RESULTS: STD patients had significantly higher in-hospital and 30-day mortality rates/MAE than TWI patients, which had lower in-hospital mortality rate/MAE than the NIC group. TSTE patients had intermediate outcomes. In multivariate logistic regression using the TWI group as the reference, STD and NIC remained independently associated with worse outcomes. Subset analysis showed prognostic value of admission ECG in non-invasively managed but not in invasively managed patients.
CONCLUSIONS: STD was associated with adverse outcomes, TWI with benign prognoses. NIC should not be taken to indicate low risk. Qualitative analysis of admission ECG is suitable for rapid risk stratification of NSTMI patients at presentation.

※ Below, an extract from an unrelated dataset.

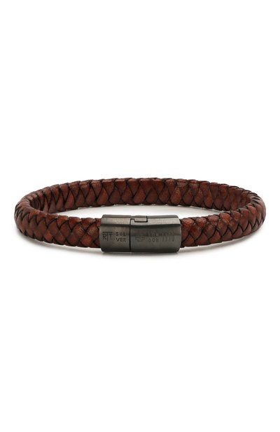 Для изготовления коричневого браслета мастера марки использовали мягкую прочную кожу. Изделие сплели из узких полос этого материала так, что рисунок напоминает чешуйки на змеиной шкуре. Аксессуар застегивается крупным замком из стерлингового серебра 925 пробы, покрытого слоем темного родия.

However, it may not be predictive of short-term outcomes of NSTEMI patients after invasive management.

INTRODUCTION

The electrocardiogram (ECG) is the most accessible and widely used diagnostic tool when patients are suspected to have acute coronary syndrome (ACS).1 Admission ECG findings may also provide prognostic information and rapid risk assessment in ACS patients,2, 3 especially those with non‐ST‐segment elevation myocardial infarction (NSTEMI), a diagnosis applied to a heterogeneous group of patients with different clinical characteristics and outcomes. ECG findings of NSTEMI at presentation show several variations, including transient ST‐segment elevation (TSTE), ST‐segment depression (STD), T‐wave inversion (TWI), and no ischemic changes (NIC). Previous studies have shown that the presence of STD is associated with an increased risk of short‐ and long‐term cardiovascular (CV) events,4, 5 but studies of TWI have shown inconsistent results.6, 7, 8, 9, 10, 11 Limited data are available on patients with TSTE and NIC. Risk stratification remains crucial to selecting appropriate management strategies for NSTEMI patients. Therefore, systematically investigating these four ECG subgroups would help clinicians better risk‐stratify patients and yield additional insight into the selection of appropriate treatment. Furthermore, current guidelines for NSTEMI patients recommend invasive reperfusion to improve clinical outcomes,12, 13 but the effect of invasive management on the prognostic value of admission ECG data in contemporary practice has not been studied. It is still unclear whether the prognostic value of admission ECG findings differs between patients with or without invasive management.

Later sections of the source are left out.